- Coat of arms
- Coordinates (Grabowiec): 50°49′16″N 23°32′48″E﻿ / ﻿50.82111°N 23.54667°E
- Country: Poland
- Voivodeship: Lublin
- County: Zamość County
- Seat: Grabowiec

Area
- • Total: 128.88 km^{2} (49.76 sq mi)

Population (2013)
- • Total: 4,289
- • Density: 33/km^{2} (86/sq mi)
- Website: http://www.grabowiec.pl

= Gmina Grabowiec =

Gmina Grabowiec is a rural gmina (administrative district) in Zamość County, Lublin Voivodeship, in eastern Poland. Its seat is the village of Grabowiec, which lies approximately 24 km north-east of Zamość and 84 km south-east of the regional capital Lublin.

The gmina covers an area of 128.88 km2, and as of 2006 its total population was 4,593 (4,289 in 2013).

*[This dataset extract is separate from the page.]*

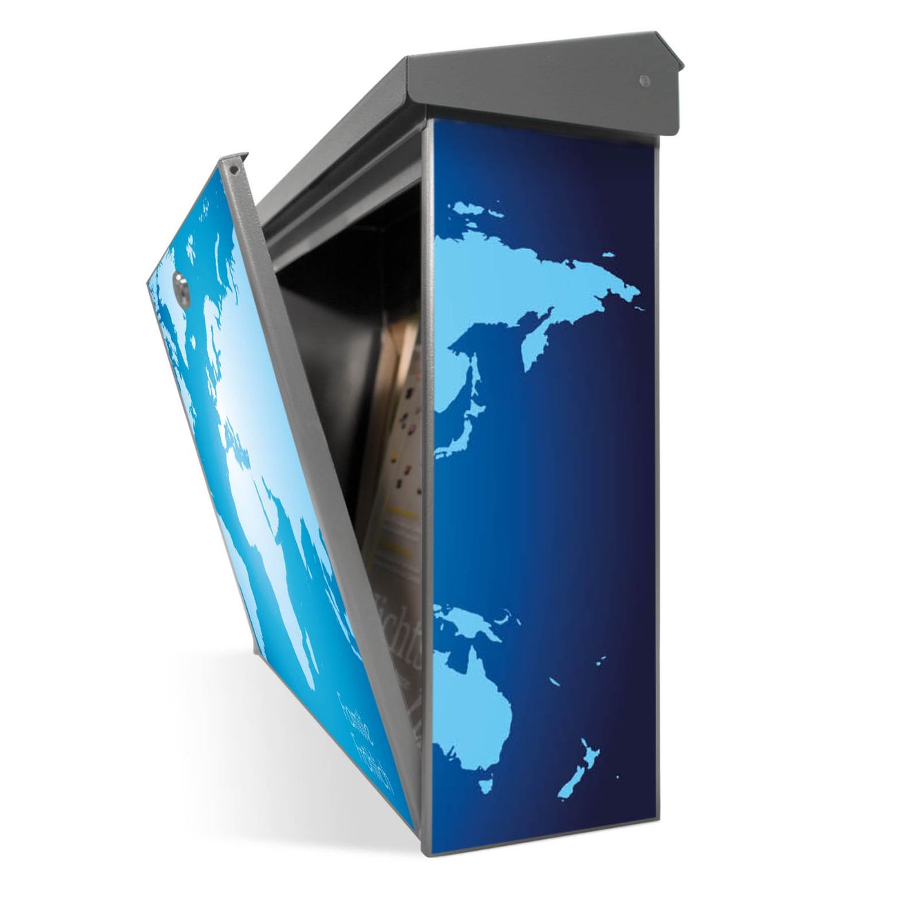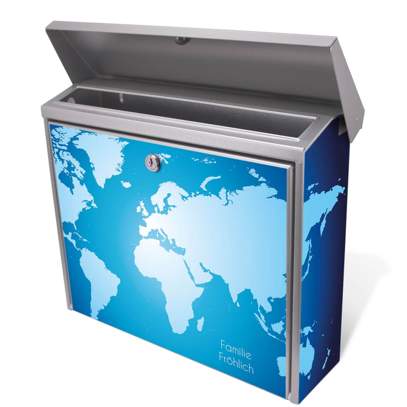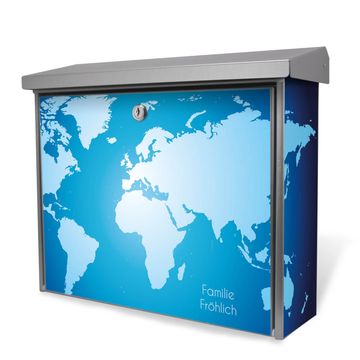 Der Postkasten mit Weltkarte Motiv hat ein sehr ansprechendes und zeitloses Design. Unsere Motivpalette hält jede Menge Varianten bereit, ob klassisch, modern, verspielt oder witzig - für jeden haben wir das passende Motiv parat. Der Briefkasten ist das Aushängeschild Ihres Hauses.

The gmina contains part of the protected area called Skierbieszów Landscape Park.

==Villages==
Gmina Grabowiec contains the villages and settlements of Bereść, Bronisławka, Cieszyn, Czechówka, Dańczypol, Grabowczyk, Grabowiec, Grabowiec-Góra, Henrykówka, Hołużne, Majdan Tuczępski, Ornatowice, Ornatowice-Kolonia, Rogów, Siedlisko, Skibice, Skomorochy Duże, Skomorochy Małe, Szczelatyn, Szystowice, Tuczępy, Wolica Uchańska, Wólka Tuczępska and Żurawlów.

==Neighbouring gminas==
Gmina Grabowiec is bordered by the gminas of Kraśniczyn, Miączyn, Sitno, Skierbieszów, Trzeszczany, Uchanie and Wojsławice.